From the IDE side it would be useful to know IDE controller in question Devices attached to it lspci -vxxx [as root] dmesg from boot if possible (old or new kernel) My initial feeling however is that this is an interrupt routing problem triggered somehow by U4. The fact your short trace shows the timer expiry and recovery working suggests this strongly.
Created attachment 134828 [details] output from requested commands This is a second reporter for this bug.
I have a similar problem with an Abit VP6 motherboard, single processor, booting off the third IDE controller. During boot: hde: interrupt lost is issued several times before the errors: hde: dma_timer_expiry: dma status == 0x64 hde: DMA interrupt recovery hde: lost interrupt These are a dual processor capable motherboard. There are other systems with the same motherboard, with 2 processors running smp on the -42 and -42.0.2 kernel. Booting the 2 processor system uniprocessor works fine. Attached are info. as requested of poster.

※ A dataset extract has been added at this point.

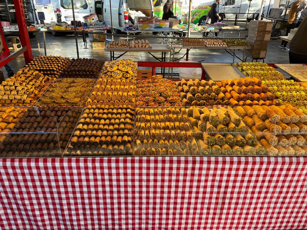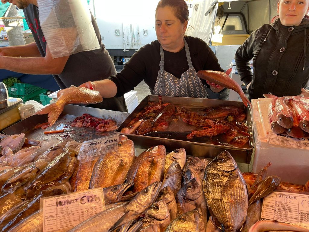 Marsaxlokk is a port on the south end of Malta that is renowned for the “luzzu”, a traditional Maltese fishing boat that is usually painted blue, yellow, red and green.  The fisherman head out early in the morning and by sunrise are coming back in with their day’s catch.  Each Sunday morning, the fish market opens around 7:30am and today we made a point of driving across the island to be there when the market opened.

Thank you Jim, I will try to get the info as well. The machine goes tharn pretty fast, so may have to add them to rc.local to a temp file. This happens to be my personal desktop, and I have really needed it the past couple days, so I've been running the old kernel. I will say it fails on -42.0.2 as well, but complaining about USB not dma..
Case #2 appears to be an IRQ routing bug when in uniprocessor mode. Does U3 work and U4 fail. If both fail then please file a separate bug as its probably unrelated in cause. (and add me to the cc line or email me the bug id) Also try acpi=off in this case and see what happens then. That will help pin it down
Case #2 on Via VP6 motherboard. U3 (2.6.9-34.0.2) works fine. U4 fails. Booting with acpi=off of 2.6.9-42.0.2 works! kernel /vmlinuz-2.6.9-42.0.2.EL ro root=/dev/hde2 acpi=off
> Booting with acpi=off of 2.6.9-42.0.2 works Please try also "pci=noacpi". Please paste the /proc/interrupts for each case.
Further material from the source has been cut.